THE PROBLEM =>
Repeat exactly the lines below that lie between the line with "JMINDIOLA, ALEJANDRONAVA, ANDRE_AFC." and the line with "Traco numeric labels", counting both of those lines as part of the answer.

WORKING DATA =>
┄┄┄┄┄┄

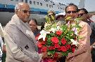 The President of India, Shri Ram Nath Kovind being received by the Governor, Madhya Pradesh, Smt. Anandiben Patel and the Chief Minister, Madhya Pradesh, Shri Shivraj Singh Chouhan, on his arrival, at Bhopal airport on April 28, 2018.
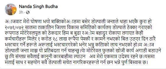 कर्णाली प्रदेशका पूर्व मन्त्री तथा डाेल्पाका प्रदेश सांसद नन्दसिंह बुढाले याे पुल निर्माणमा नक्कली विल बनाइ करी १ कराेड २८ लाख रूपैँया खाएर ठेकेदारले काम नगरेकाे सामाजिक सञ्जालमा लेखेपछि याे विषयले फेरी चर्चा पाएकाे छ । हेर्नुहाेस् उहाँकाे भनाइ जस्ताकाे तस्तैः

┄┄┄┄┄┄

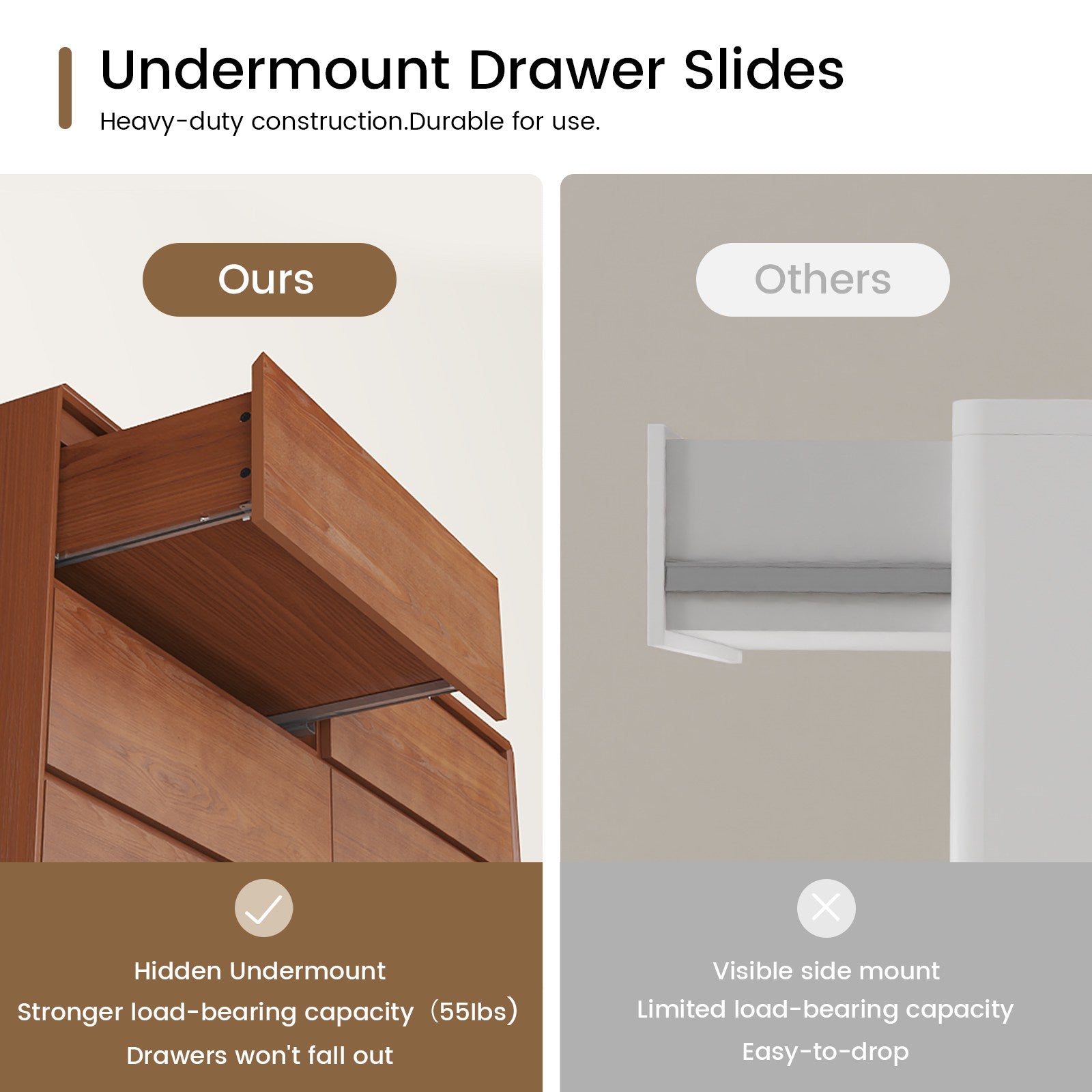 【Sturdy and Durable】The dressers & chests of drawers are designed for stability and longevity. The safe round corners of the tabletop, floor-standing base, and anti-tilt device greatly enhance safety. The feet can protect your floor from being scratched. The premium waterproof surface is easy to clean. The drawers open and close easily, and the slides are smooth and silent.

┄┄┄┄┄┄

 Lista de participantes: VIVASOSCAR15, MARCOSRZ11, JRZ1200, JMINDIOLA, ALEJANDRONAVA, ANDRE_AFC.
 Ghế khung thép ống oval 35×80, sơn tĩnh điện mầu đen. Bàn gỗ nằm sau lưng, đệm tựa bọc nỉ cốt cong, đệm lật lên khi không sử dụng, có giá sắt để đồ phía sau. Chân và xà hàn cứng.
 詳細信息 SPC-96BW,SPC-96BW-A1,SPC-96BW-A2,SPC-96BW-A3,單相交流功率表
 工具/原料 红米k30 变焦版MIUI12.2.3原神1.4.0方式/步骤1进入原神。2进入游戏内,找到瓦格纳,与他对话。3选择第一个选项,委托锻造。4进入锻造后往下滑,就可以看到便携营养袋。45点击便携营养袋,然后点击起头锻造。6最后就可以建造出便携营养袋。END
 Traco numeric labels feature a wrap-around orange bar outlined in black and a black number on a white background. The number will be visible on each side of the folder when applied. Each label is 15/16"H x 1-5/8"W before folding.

┄┄┄┄┄┄

RESPONSE AREA =>
 Lista de participantes: VIVASOSCAR15, MARCOSRZ11, JRZ1200, JMINDIOLA, ALEJANDRONAVA, ANDRE_AFC.
 Ghế khung thép ống oval 35×80, sơn tĩnh điện mầu đen. Bàn gỗ nằm sau lưng, đệm tựa bọc nỉ cốt cong, đệm lật lên khi không sử dụng, có giá sắt để đồ phía sau. Chân và xà hàn cứng.
 詳細信息 SPC-96BW,SPC-96BW-A1,SPC-96BW-A2,SPC-96BW-A3,單相交流功率表
 工具/原料 红米k30 变焦版MIUI12.2.3原神1.4.0方式/步骤1进入原神。2进入游戏内,找到瓦格纳,与他对话。3选择第一个选项,委托锻造。4进入锻造后往下滑,就可以看到便携营养袋。45点击便携营养袋,然后点击起头锻造。6最后就可以建造出便携营养袋。END
 Traco numeric labels feature a wrap-around orange bar outlined in black and a black number on a white background. The number will be visible on each side of the folder when applied. Each label is 15/16"H x 1-5/8"W before folding.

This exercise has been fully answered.